I always heat the water just until it starts to simmer, add the egg, and turn the heat to low, and let the edge poach, uncovered.  This way, the pan will not boil.


----------



## Chief Longwind Of The North (Oct 2, 2005)

For traditional poaching, you can't beat the advise given by AllenMI.  He knows his stuff.  I'd also add a bit of salt to the water, to flavor the otherwise bland egg-white.

But the way I poach my eggs is with a poaching pan.  This pan has been a favorite of mine since I was a small child, watching my grandpa making wonderful poached eggs, with a solid white floating in butter, lightly salted, and a liquid yolk just wating to be placed on toasted bread, or an english muffin.  I have owned a few poaching pans since those days, even plastic poaching trays for the micro-wave.  I now have a good one that poaches four eggs and has removable non-stick-lined cups, with little handles, and a glass lid so I can see when the eggs are done.

Should you get this type of pan, if you want to poach less than four eggs, simply fill the unused cups with water.

Seeeeeeya; Goodweed of the North
I think I'm going to go poach me an egg.


----------



## Little Miss J (Oct 3, 2005)

thanks for the tips guys....i have been using vinegar but might try a poaching pan.  I am guessing that way the eggs have to stay in one spot!  I also think I may've had the water too hot as it was boiling rather than simmering.

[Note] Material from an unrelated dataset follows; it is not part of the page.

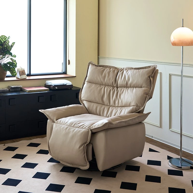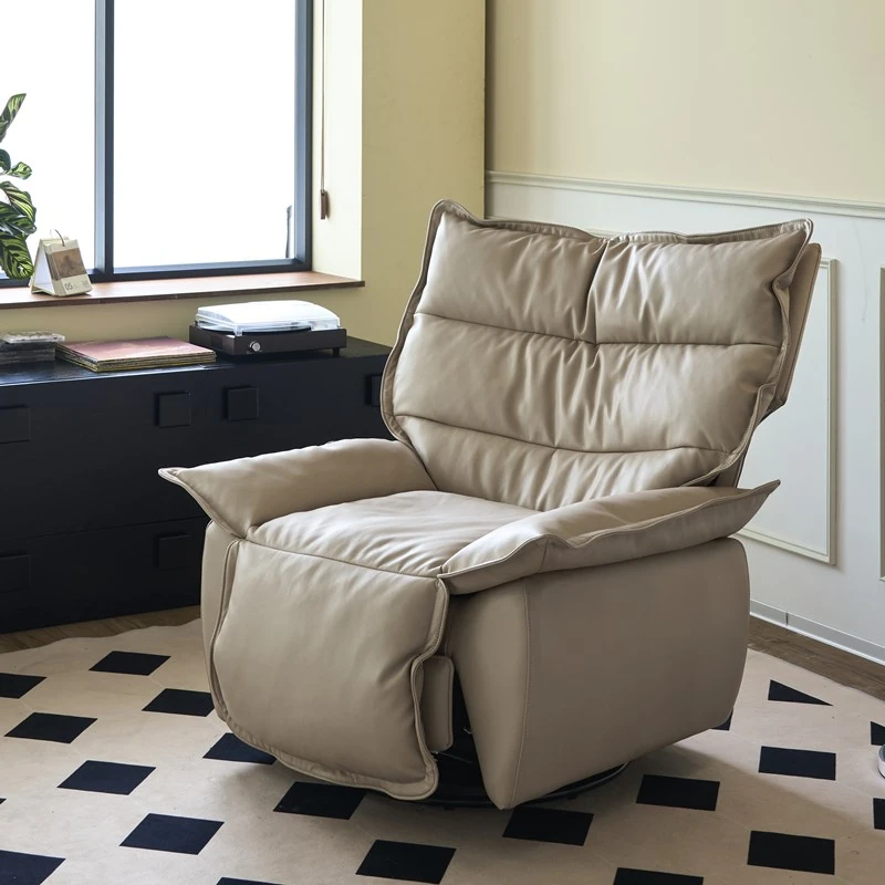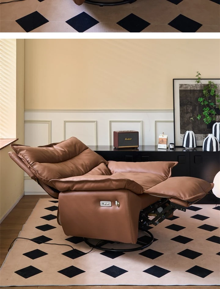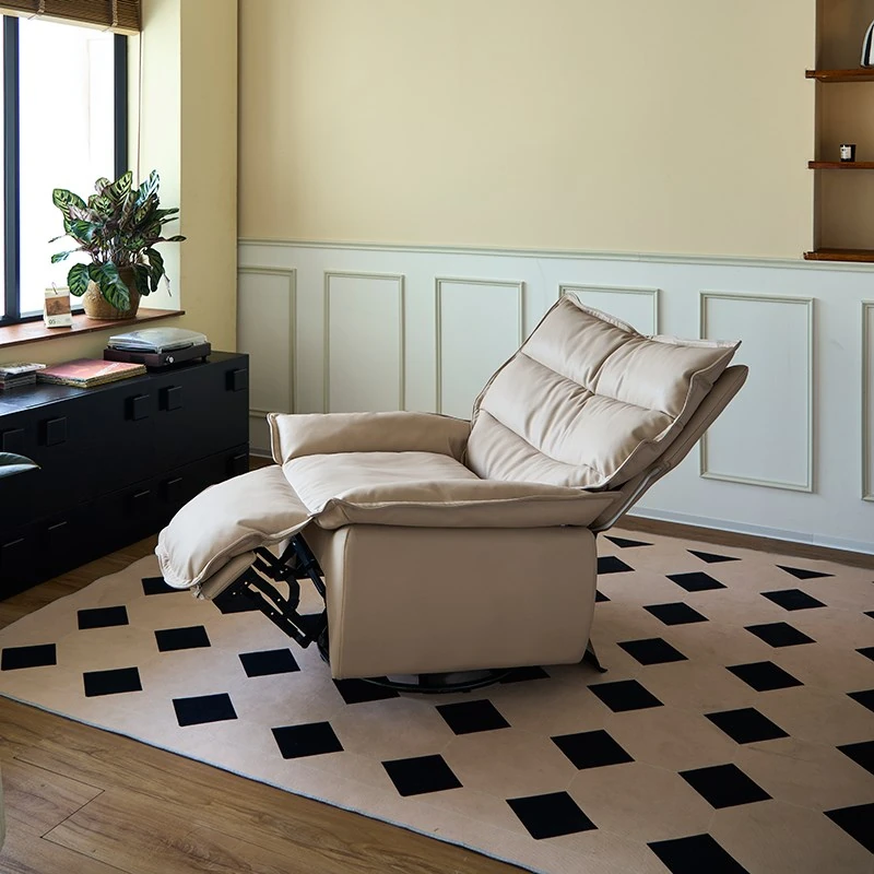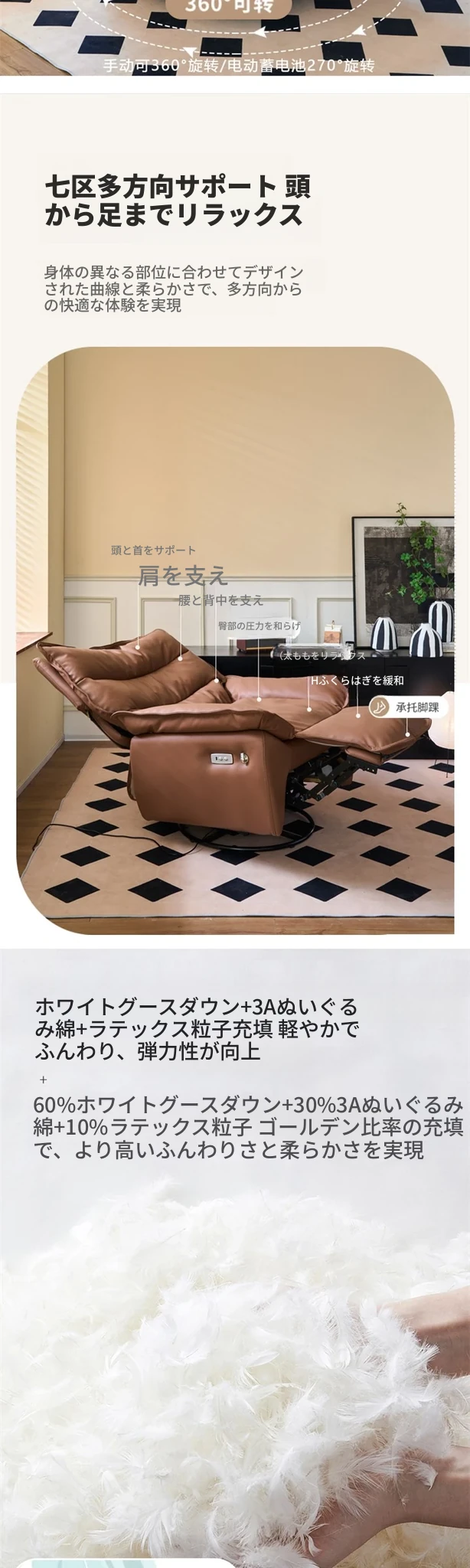 帆船スタイルの一人用電動マルチファンクションソファ、リクライニング機能付き!くつろぎの時間を演出する電動ロッキングチェア、バルコニーにぴったりのリラックスソファ。

Have used the microwave ones but I just don't think they taste the same! and they tend to explode all over my microwave...a bit too temperamental for me! (I am one of those crazy people that don't like a really runny egg yolk).


----------



## marmalady (Oct 3, 2005)

I use the poaching pan, too - even though it's not considered 'traditional' - but I love the way the eggs come out all nice and symmetrical! Besides, it's the way my gramma made them!


----------



## clasens (Jan 15, 2006)

*poaching*

The eggs seperate when they're not totally fresh.  I know this because we have chickens and when I poach them they come out perfect.  The vinegar is the perfect way to overcome this problen though.


----------



## QSis (Jan 15, 2006)

I like a runny, not raw, yolk.  Is three minutes about the amount of time to poach for that result?

Lee


----------



## Gretchen (Jan 15, 2006)

Another "tool" for poaching eggs is the ring of  a canning jar.  Butter it a bit, put in the water and slip your egg into this.  
As far as time, turn the water down to a simmer so the eggs aren't disturbed and "baste" the top of the yolk with spoonfuls of hot water to cook the top. Take it out when it is at your desired doneness.  Hard to tell if 3 minutes is it or not.


----------